Drug users worthy of both harm reduction and recovery
Public health
7 Sep 2016
- We need a progressive alliance between harm reduction and recovery in the treatment of drug dependence, professor Alex Stevens from the University of Kent, stated at the Nordic Alcohol and Drug Researchers’ Assembly (NADRA) which was held in Helsinki in August 2016.
Harm reduction includes providing information on safer use, opiate substitution treatment, needle and syringe exchange programmes, Naloxone to reverse opiate overdose and heroin-assisted treatment. Recovery, on the other hand, focuses on a life without drugs. The harm reduction approach has faced mounting oppositions from advocates of recovery.
– Harm reduction, being such a controversial issue, has to prove itself on an evidence-based level even harder. The fact is, harm reduction does save more money than it costs, Stevens says.
Research shows an increased engagement and retention of problematic drug users in health services and reductions in HIV and other infections, criminal offending and drug-related deaths.
– If harm reduction prolongs drug use, it is by prolonging the lives of drug users, Stevens points out.
The unintended consequences of harm reduction includes diversion of opiate substitution treatment drugs to other users, demotivating some drug users to change and not meeting drug users’ own desires to end drug use.
Most people want to end their drug use
In terms of abstinent recovery, studies show that most people who enter drug treatment want to end their drug use completely and the public opinion is more supportive of recovery than harm reduction.

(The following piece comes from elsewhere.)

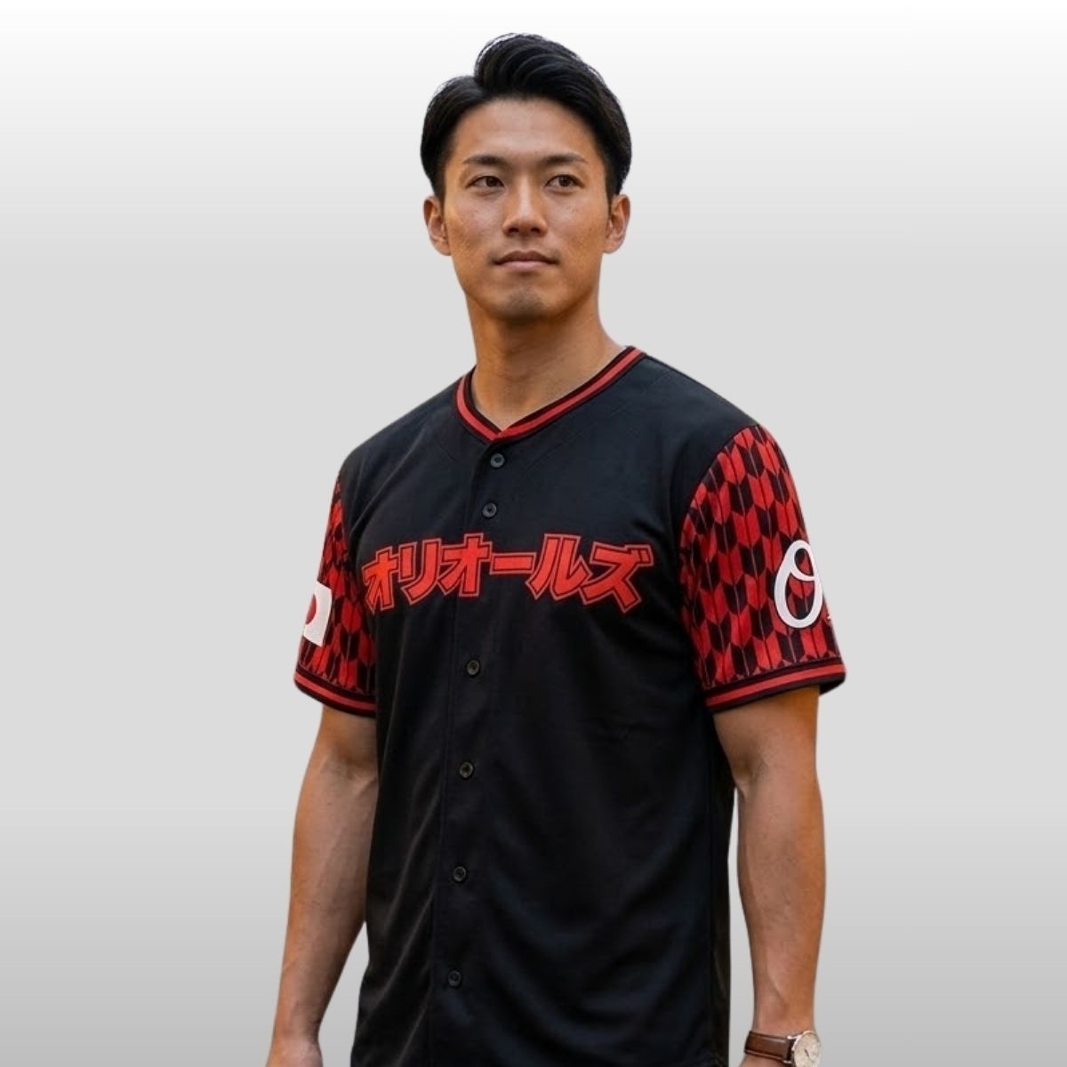 The jersey is a breathtaking departure from standard designs, blending the club’s bold identity with classical Japanese aesthetics. The body features a sleek, deep black canvas that allows the vibrant red accents to take center stage. Across the chest, the word “Orioles” is masterfully rendered in Japanese Katakana script, creating a unique visual that bridges two cultures through a shared love of the sport.

– Some argue that resources should be shifted from medically assisted maintenance treatment to abstinence-oriented services. There are dangers in shifting resources in this way. Specifically due to increased death rates among opiate users who are not in medically assisted treatment.
Stevens uses the concept of moral foundations to show that there are conflicting moral positions between those who advocate for harm reduction and recovery. Supporters of harm reduction tend to be ‘liberals’ who believe in individual freedom. Proponents of abstinent recovery are more likely to be ‘conservatives’ who value the moral foundations of authority and loyalty. According to Stevens there is, however, inherent compatibility between the aims of harm reduction and recovery. Both express care for the prevention of harm to fellow human beings; a moral foundation that is shared by both liberals and conservatives.
– Both should focus on the rights of drug users to define their own best outcomes and to receive the medical, housing, employment and peer support services they need in order to achieve them.
– Advocates of recovery would have to accept continued drug use as part of recovery for some drug users, while advocates of harm reduction would have to accept abstinence as a worthwhile goal, Stevens concludes.